Masyarakat Jombang yang merasa bahwa kotanya perlu mempunyai identitas lalu kemudian mencari-cari. Jangan sampai kota ini bertumbuh tanpa status; identitas kultural tidak punya, tanggal lahir kabupaten pun tidak tahu. Pencarian itu kemudian berlabuh pada ringin contong. Tidak mengecilkan usaha kawan-kawan yang menggarap ringin contong sebagai ikon Jombang, penulis berpikiran, ringin contong muncul sebagai ikon, tidak lebih karena tidak ada yang lain.

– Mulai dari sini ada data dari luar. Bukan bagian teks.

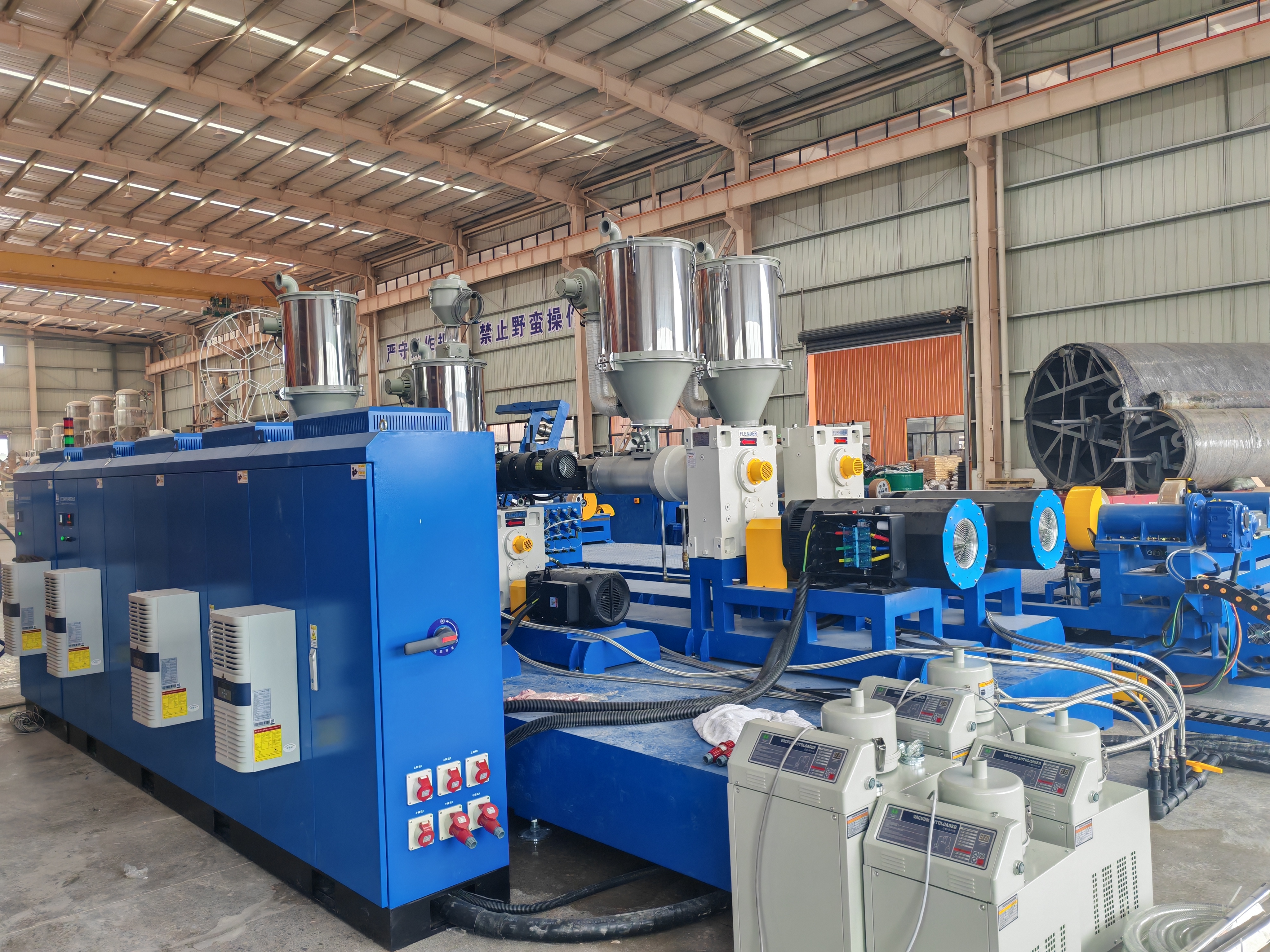 公司全新采购的高密度聚乙烯(HDPE)热态缠绕结构壁管(B)型(简称“克拉管”)生产线顺利完成安装调试,正式投入规模化生产。这一生产线的落地投产,将进一步完善公司管材产品矩阵,提升核心竞争力。

Coba pikir, ringin contong itu bisa bercerita tentang apa? Selain bahwa posisinya kebetulan strategis di tengah kota. Ringin contong tak lebih dari menara air, yang entah saat ini masih berfungsi atau tidak. Bangunan ini memang kelihatan unik, tapi nyatanya tidak satu-satunya, di Mojoagung  ada, bahkan di Mojokerto juga ada. Barangkali kita membayangkan ringin contong seperti menara eiffel kalau di Paris, atau menara pisa di Italia.
Sekali lagi, kalau mau jujur, menara air yang disebut ringin contong itu tidak mempunyai ikatan kultural dengan Jombang, karena memang dibangun tidak atas pertimbangan kultural apa-apa. Tapi oke, di tengah sulitnya menemukan  ikon Jombang yang pas, maka ringin contong menjadi ikon yang masuk akal untuk diterima.

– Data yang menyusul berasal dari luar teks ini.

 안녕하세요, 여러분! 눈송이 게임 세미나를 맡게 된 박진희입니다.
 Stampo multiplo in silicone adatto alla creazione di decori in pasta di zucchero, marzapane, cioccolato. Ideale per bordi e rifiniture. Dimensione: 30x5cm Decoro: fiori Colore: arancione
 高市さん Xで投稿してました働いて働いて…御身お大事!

Pencarian yang kedua berlabuh pada besut. Dibanding dengan ringin contong, besut sebenarnya lebih menyimbulkan kultur Jombang. Besut adalah tokoh pemeran utama dari kesenian pertunjukan besutan. Dimana besutan sendiri dianggap sebagai cikal-bakal ludruk. Namun masalahnya, popularitas besut kalah dengan ringin contong. Karena tidak semua warga Jombang mengerti apa itu besut. Ludruk yang muncul belakangan bahkan lebih populer dibanding besutan.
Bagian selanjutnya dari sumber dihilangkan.